# Printing a booklet in InDesign



## drustar (Jun 14, 2003)

I would like to know how you print a booklet in InDesign. I have this catalog that I'd like to print as a booklet. http://www.function-clothing.com/ads/catalog.pdf . Please reply if you can help. That would be greatly appreciated.


----------



## Lyra (Jun 14, 2003)

Your link is to a blank page and a 6 MB plus download - probably not the best way to get people to help, especially those with dial-up connections. You could also check out the InDesign forum (start at http://www.adobeforums.com/) - you might find an answer just with a search, otherwise you usually get a quick response (although the forum will be down for maintenance for a while today). Either way, you need to give more information about what it is you want to know (the answer to 'how do I print' is 'send it to the printer') - a download of the catalogue isn't exactly informative.


----------



## drustar (Jun 14, 2003)

I should've mentioned that the link I gave is a pdf file. You need to download it and open it in Preview or Acrobat. Also to zoom out to the file's actual size.

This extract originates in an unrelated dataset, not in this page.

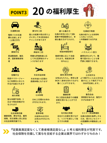 ・社会保険・雇用保険・労災保険 ・健康診断 ・独立・開業支援あり ・制服貸与 ・研修制度 ・技術研修 ・新人研修(ビジネスマナー) ・幹部研修 ・技術勉強会(症例検討会含む) 平日昼休み実施 ・半年に一度キャリアパスを行うことで昇進 ・交通費支給(上限2万円) ・引越し手当10万円 (徒歩、自転車圏内の交通費がかからない場所への引っ越しの場合) ・社員旅行有り(代休あり) ・外部講師勉強会(徒手療法、整形外科医、プロアスレティックトレーナーなど) |
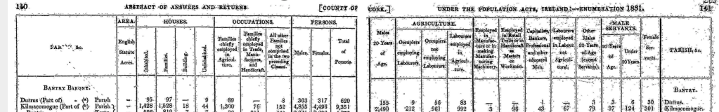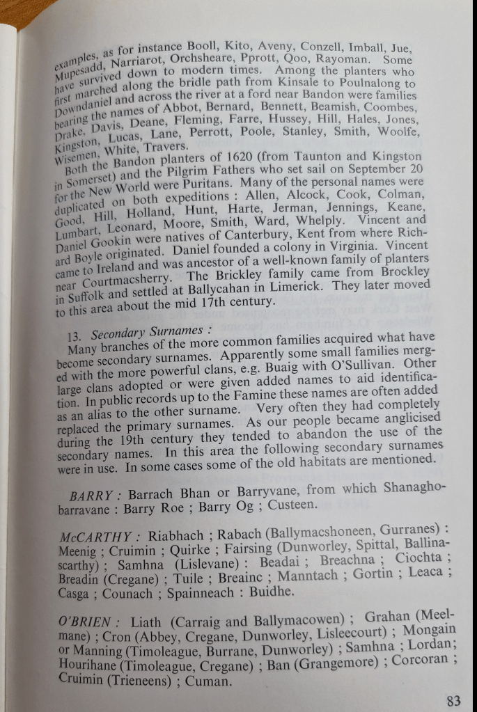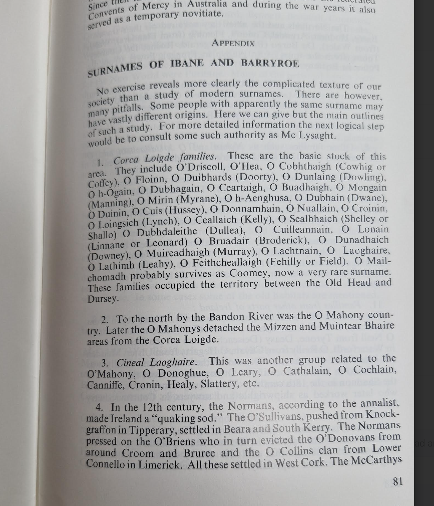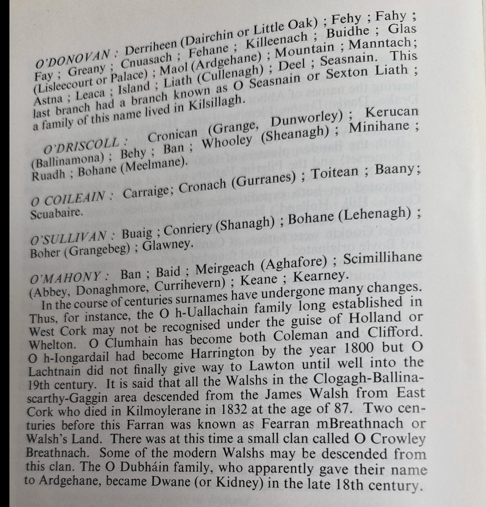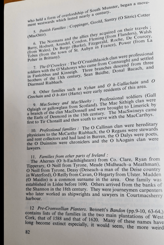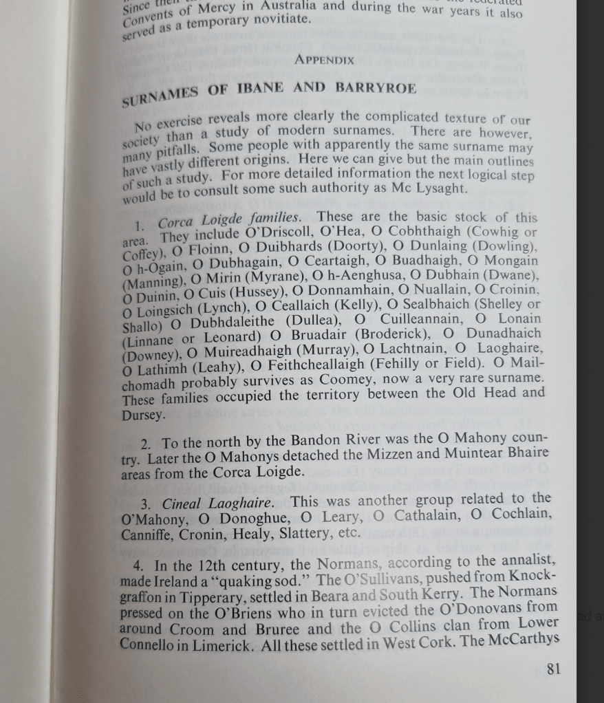 The reference to Cotters as Danish in origin may not apply to those from the Dunmanway/Bantry/Macroom districts. DNA suggested they may be a Sept of either the O’Learys or O’Mahonys.

But thanks to the advice, I'll check out that forum.


----------



## Urbansory (Jun 15, 2003)

I made a booklet, printed front and back through this book making machine, and it spit the booklets out bound with a heavy weight cover. Making the book in indesign it is already setup front and back if you set up the page layout correctly. After that it's up to the printer you use, and making sure you set the file(I used a pdf) to print front and back in the print options. Not difficult, but there are some things that need to be checked or there could be a crazy turnout. I made this book about 2 years ago, and I don't use ID that often these days. So you need a good printer for the best turnout, and the one I used was the school multi-thousand dollar printer. It printed full bleed, 80+ pages and bound the book in about 5 minutes, truely something to see.


----------



## cockneygeezer (Jun 21, 2003)

What you need is InBooklet 2.1 by Alap Software:

http://www.alap.com/products/inbooklet.html

This 'plug-in' for InDesign will sort out all you publsihing needs. a 15-day demo version of this plug-in is available.

Also, next time, please create a 'screen' PDF.

Hope it helps.


----------